Task goal => Copy the material below verbatim from the line with "Padded winter jacket" to the line with "o.b. Original Normal", both lines included, omitting pictures and every line outside that range.

Dataset records =>
◆ ◆ ◆ ◆ ◆ ◆ ◆
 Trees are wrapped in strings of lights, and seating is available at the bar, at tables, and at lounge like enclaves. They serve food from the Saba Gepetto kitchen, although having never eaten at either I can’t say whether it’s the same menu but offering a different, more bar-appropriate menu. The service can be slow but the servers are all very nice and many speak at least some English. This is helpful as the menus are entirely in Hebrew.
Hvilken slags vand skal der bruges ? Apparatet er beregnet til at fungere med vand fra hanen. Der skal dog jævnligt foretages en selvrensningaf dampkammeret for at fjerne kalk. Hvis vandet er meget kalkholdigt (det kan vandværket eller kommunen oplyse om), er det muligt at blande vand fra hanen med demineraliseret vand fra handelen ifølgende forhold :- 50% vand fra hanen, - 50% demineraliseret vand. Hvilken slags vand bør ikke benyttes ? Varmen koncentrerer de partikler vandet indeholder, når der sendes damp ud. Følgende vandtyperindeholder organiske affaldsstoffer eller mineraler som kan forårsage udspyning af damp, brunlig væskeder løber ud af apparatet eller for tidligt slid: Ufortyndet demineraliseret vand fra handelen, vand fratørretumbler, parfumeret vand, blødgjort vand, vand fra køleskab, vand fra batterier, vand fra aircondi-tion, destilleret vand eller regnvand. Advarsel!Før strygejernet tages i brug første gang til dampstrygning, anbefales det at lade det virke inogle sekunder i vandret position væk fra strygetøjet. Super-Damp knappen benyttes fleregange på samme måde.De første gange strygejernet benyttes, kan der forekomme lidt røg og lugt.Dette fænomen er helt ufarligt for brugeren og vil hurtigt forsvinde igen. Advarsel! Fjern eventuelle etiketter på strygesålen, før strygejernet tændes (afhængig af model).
◆ ◆ ◆ ◆ ◆ ◆ ◆
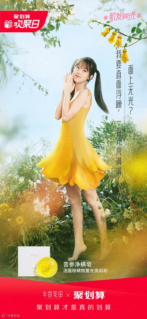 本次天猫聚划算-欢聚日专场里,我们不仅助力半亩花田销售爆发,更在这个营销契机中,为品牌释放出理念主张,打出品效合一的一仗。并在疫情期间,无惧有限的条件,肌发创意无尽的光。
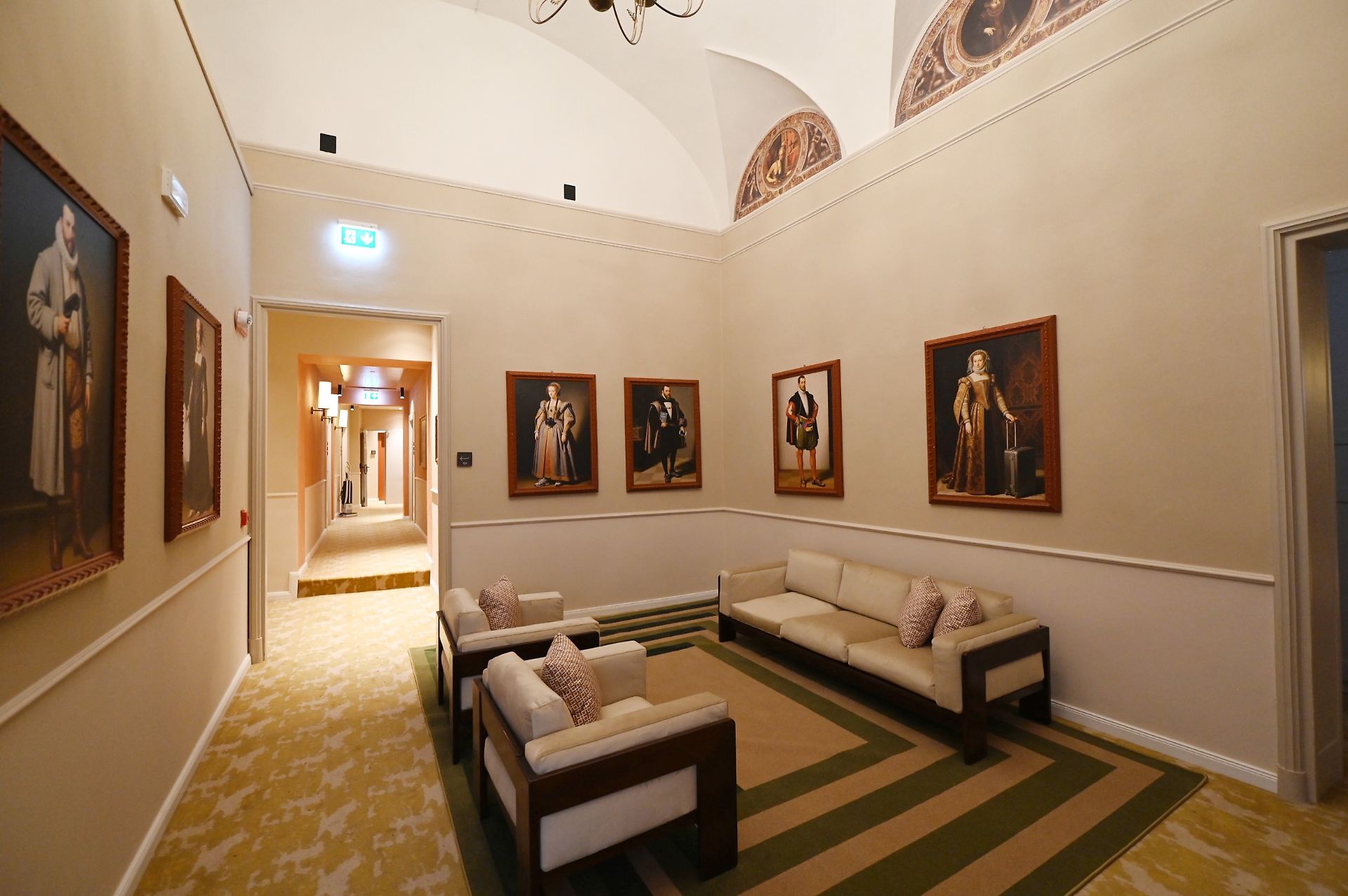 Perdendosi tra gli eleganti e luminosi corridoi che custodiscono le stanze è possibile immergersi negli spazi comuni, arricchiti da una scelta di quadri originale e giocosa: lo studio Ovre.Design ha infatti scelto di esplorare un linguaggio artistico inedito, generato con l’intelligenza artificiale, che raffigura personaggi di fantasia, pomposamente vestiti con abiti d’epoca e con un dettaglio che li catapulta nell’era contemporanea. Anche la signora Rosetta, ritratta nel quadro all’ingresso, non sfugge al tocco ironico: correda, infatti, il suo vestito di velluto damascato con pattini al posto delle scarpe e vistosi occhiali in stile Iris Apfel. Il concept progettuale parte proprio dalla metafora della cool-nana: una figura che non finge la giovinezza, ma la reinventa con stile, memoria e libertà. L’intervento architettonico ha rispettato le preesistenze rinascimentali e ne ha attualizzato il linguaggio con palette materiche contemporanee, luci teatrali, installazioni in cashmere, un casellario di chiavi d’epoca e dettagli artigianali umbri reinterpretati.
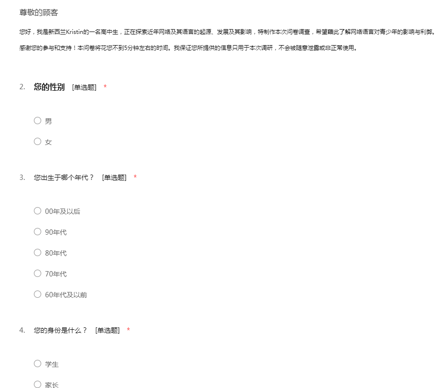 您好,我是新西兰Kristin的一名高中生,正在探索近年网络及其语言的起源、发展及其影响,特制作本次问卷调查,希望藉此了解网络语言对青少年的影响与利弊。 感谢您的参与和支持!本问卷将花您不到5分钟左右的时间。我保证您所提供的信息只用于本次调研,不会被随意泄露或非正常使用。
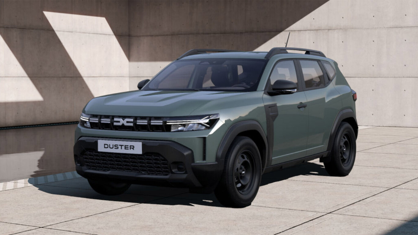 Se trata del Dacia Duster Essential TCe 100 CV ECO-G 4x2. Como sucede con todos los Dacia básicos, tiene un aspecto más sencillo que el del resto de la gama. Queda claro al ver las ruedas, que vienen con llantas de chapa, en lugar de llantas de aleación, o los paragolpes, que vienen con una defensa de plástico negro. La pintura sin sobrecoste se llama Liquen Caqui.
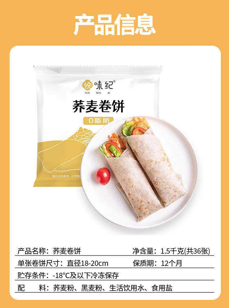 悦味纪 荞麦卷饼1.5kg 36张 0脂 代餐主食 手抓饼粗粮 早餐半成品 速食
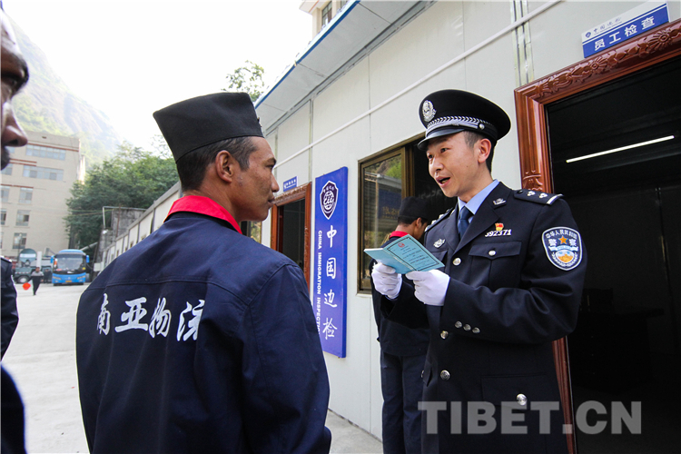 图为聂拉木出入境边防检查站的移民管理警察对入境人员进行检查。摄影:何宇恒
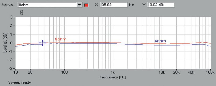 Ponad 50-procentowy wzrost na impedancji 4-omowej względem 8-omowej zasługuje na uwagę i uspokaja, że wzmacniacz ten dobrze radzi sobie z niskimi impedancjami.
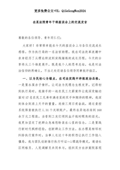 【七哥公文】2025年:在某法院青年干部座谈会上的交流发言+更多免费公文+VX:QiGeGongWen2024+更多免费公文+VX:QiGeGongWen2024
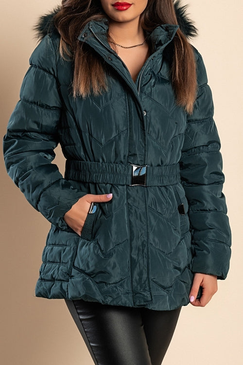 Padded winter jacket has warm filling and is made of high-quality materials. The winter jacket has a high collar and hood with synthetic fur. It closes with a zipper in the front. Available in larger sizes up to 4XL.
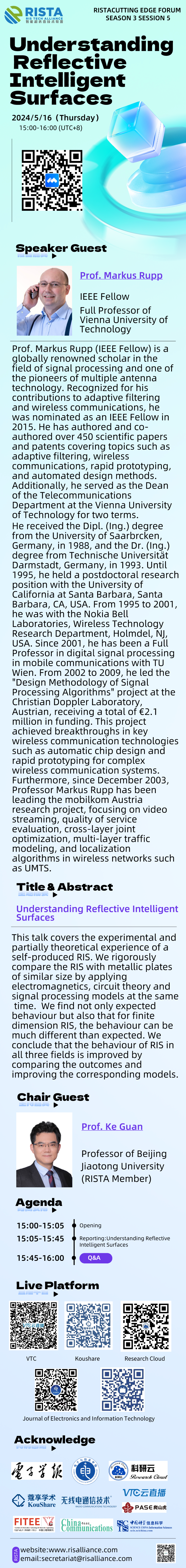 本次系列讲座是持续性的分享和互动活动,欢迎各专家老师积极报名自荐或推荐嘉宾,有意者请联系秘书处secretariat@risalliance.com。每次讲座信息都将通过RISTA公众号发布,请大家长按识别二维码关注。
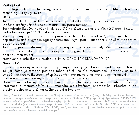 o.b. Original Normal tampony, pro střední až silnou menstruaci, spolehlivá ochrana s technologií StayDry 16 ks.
◆ ◆ ◆ ◆ ◆ ◆ ◆
Solved exercise =>
 Padded winter jacket has warm filling and is made of high-quality materials. The winter jacket has a high collar and hood with synthetic fur. It closes with a zipper in the front. Available in larger sizes up to 4XL.
 本次系列讲座是持续性的分享和互动活动,欢迎各专家老师积极报名自荐或推荐嘉宾,有意者请联系秘书处secretariat@risalliance.com。每次讲座信息都将通过RISTA公众号发布,请大家长按识别二维码关注。
 o.b. Original Normal tampony, pro střední až silnou menstruaci, spolehlivá ochrana s technologií StayDry 16 ks.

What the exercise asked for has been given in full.